WHAT THE TASK REQUIRES: Transcribe all the lines below exactly. Omit the pictures.

[Records from a data collection]
= Beginning of Section =

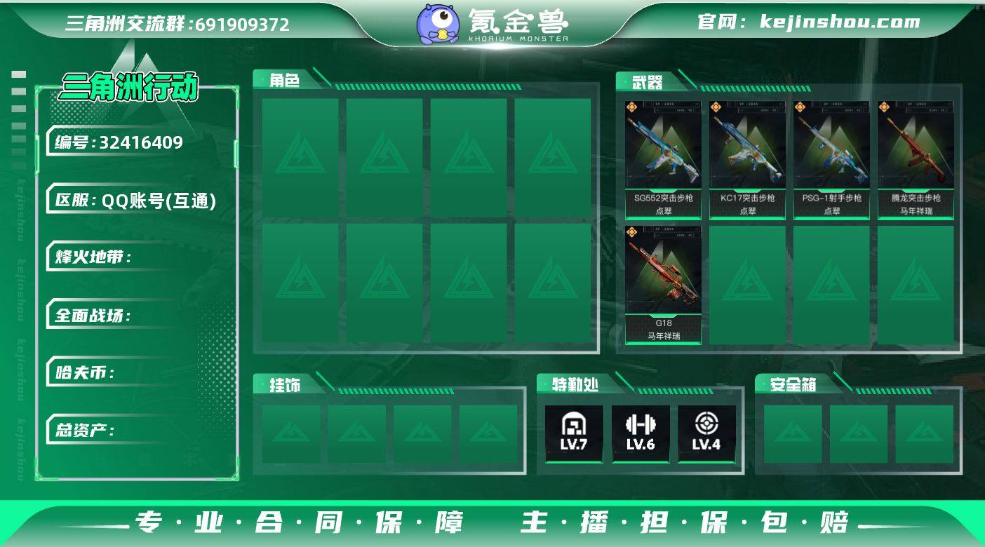 YQ-总资产295.1m/哈夫币127m/部门22221 【高物资纯币猛攻号 点翠套 训中6级 靶场4级 仓库7级 仓库多大红小金 】 等级 60 烽火段位 钻石IV 橙:SG552点翠,PSG点翠,KC17点翠,腾龙马年祥瑞,G18马年祥瑞, 限时道具/段位以实际验号为准。如账号因没有维护,赛季更新等不可抗因素发生变化,不属于账号质量问题差""
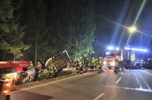 Zeitgleich wurde die Unfallstelle ausgeleuchtet, abgesichert und durch den FW-Einsatzleiter außerdem die Firma Mössler mit zwei Bergekränen zur Unterstützung angefordert.
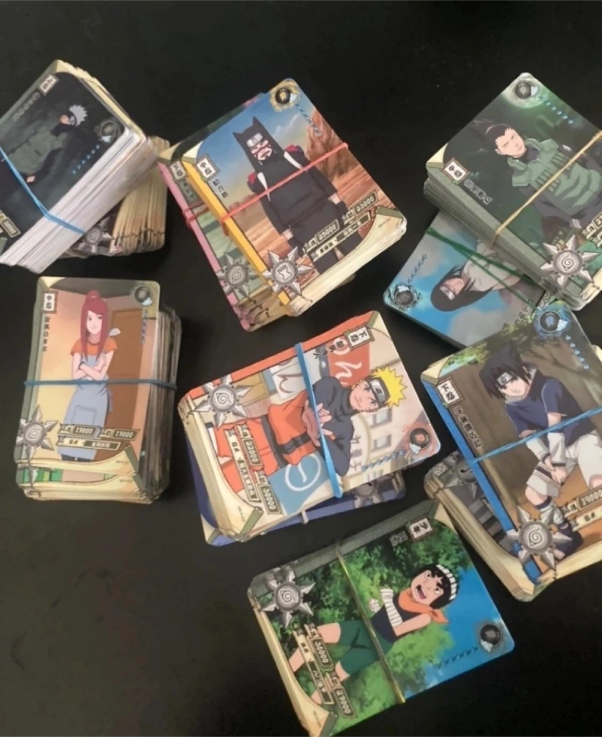 A collection of Naruto trading cards featuring various characters. These cards are great for fans of the series. 20 random naruto cards (no duplicates will be given)
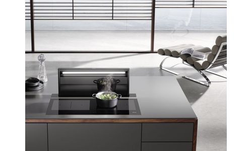 Downdraft-werkbladdampkap een elegant zwart design met intuïtieve SmartControl-bediening
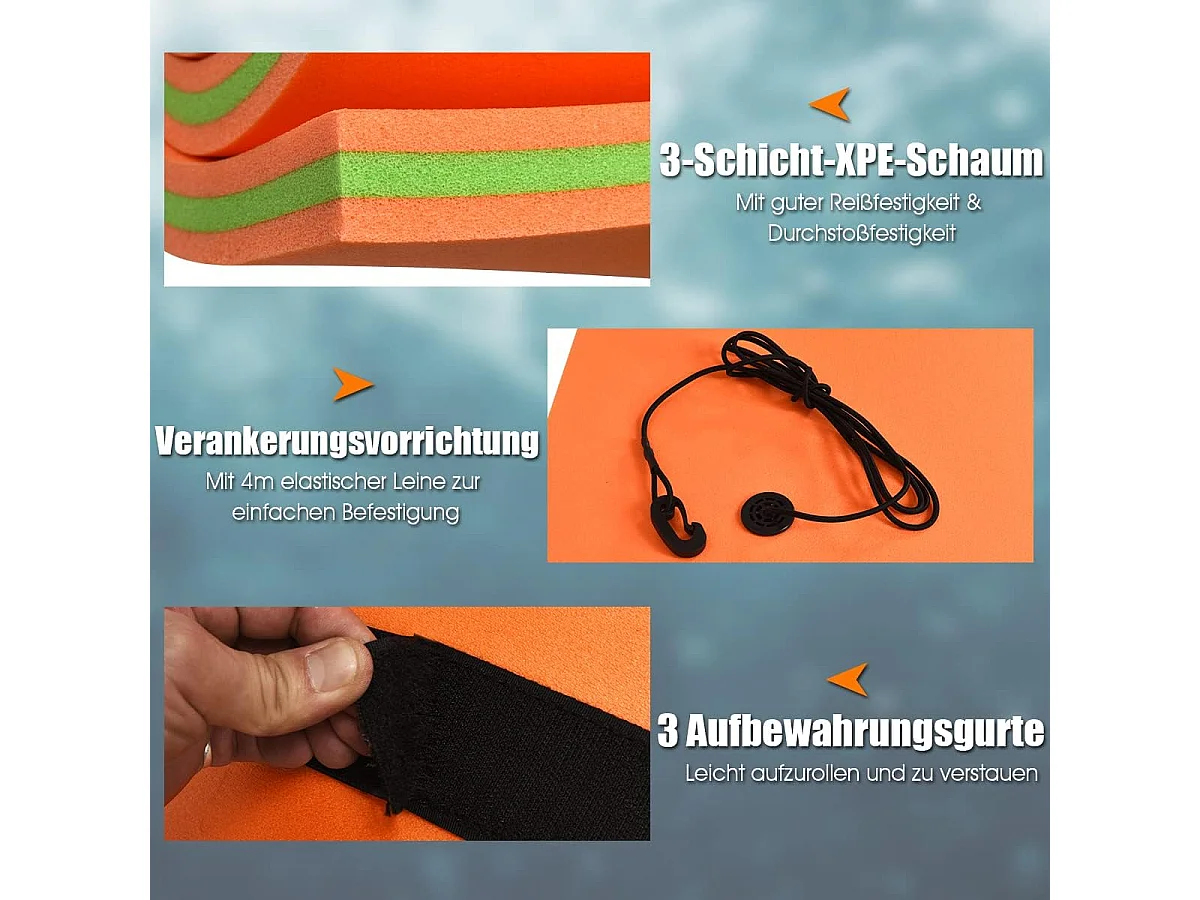Zwemmat 210x66cm, drijvende watermat tot 60 kg belastbaar,van scheurbestendig XPE-schuim,waterhangmat voor kinderen en volwassenen (oranje)AB92211
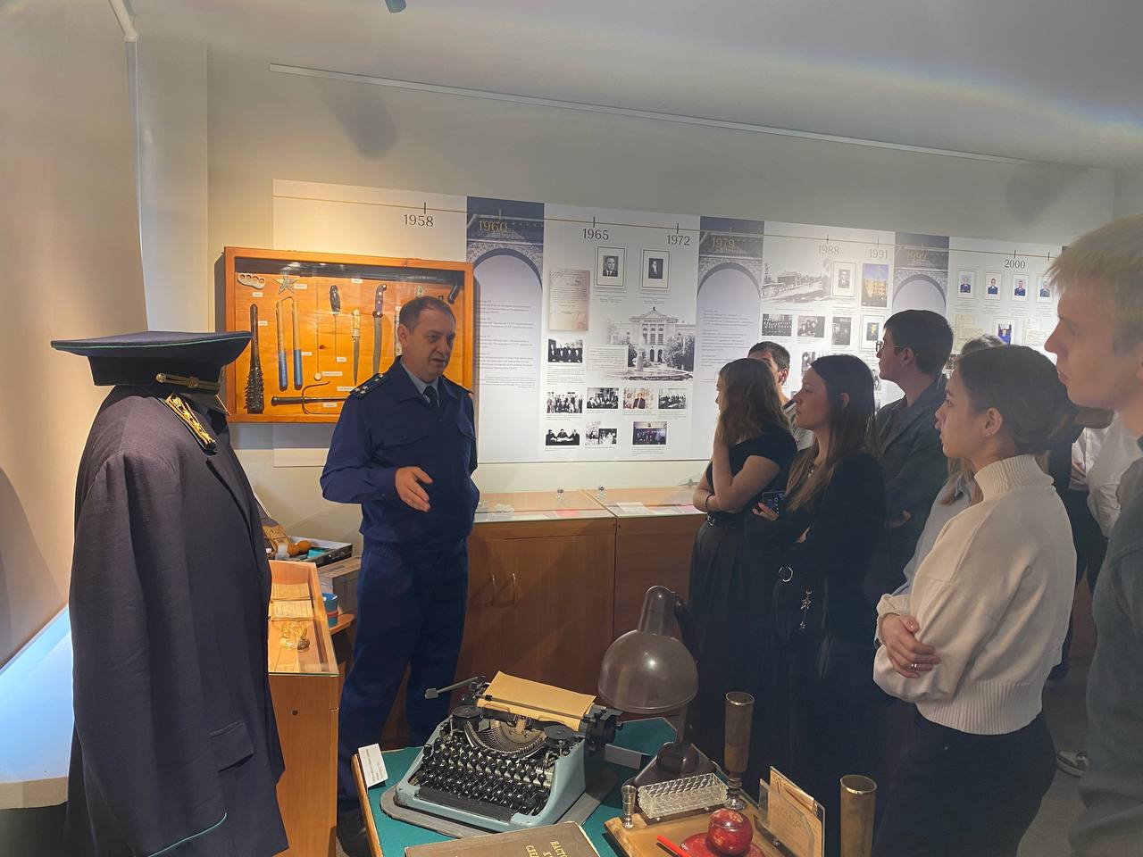 Завершилась встреча посещением музея прокуратуры региона. Студенты увидели экспонаты, форменную одежду и подлинные документы, отражающие работу ведомства в разные периоды времени, а также послушали рассказ об истории создания прокуратуры.

= End of Section =

RESPONSE TO THIS EXERCISE:
 YQ-总资产295.1m/哈夫币127m/部门22221 【高物资纯币猛攻号 点翠套 训中6级 靶场4级 仓库7级 仓库多大红小金 】 等级 60 烽火段位 钻石IV 橙:SG552点翠,PSG点翠,KC17点翠,腾龙马年祥瑞,G18马年祥瑞, 限时道具/段位以实际验号为准。如账号因没有维护,赛季更新等不可抗因素发生变化,不属于账号质量问题差""
 Zeitgleich wurde die Unfallstelle ausgeleuchtet, abgesichert und durch den FW-Einsatzleiter außerdem die Firma Mössler mit zwei Bergekränen zur Unterstützung angefordert.
 A collection of Naruto trading cards featuring various characters. These cards are great for fans of the series. 20 random naruto cards (no duplicates will be given)
 Downdraft-werkbladdampkap een elegant zwart design met intuïtieve SmartControl-bediening
Zwemmat 210x66cm, drijvende watermat tot 60 kg belastbaar,van scheurbestendig XPE-schuim,waterhangmat voor kinderen en volwassenen (oranje)AB92211
 Завершилась встреча посещением музея прокуратуры региона. Студенты увидели экспонаты, форменную одежду и подлинные документы, отражающие работу ведомства в разные периоды времени, а также послушали рассказ об истории создания прокуратуры.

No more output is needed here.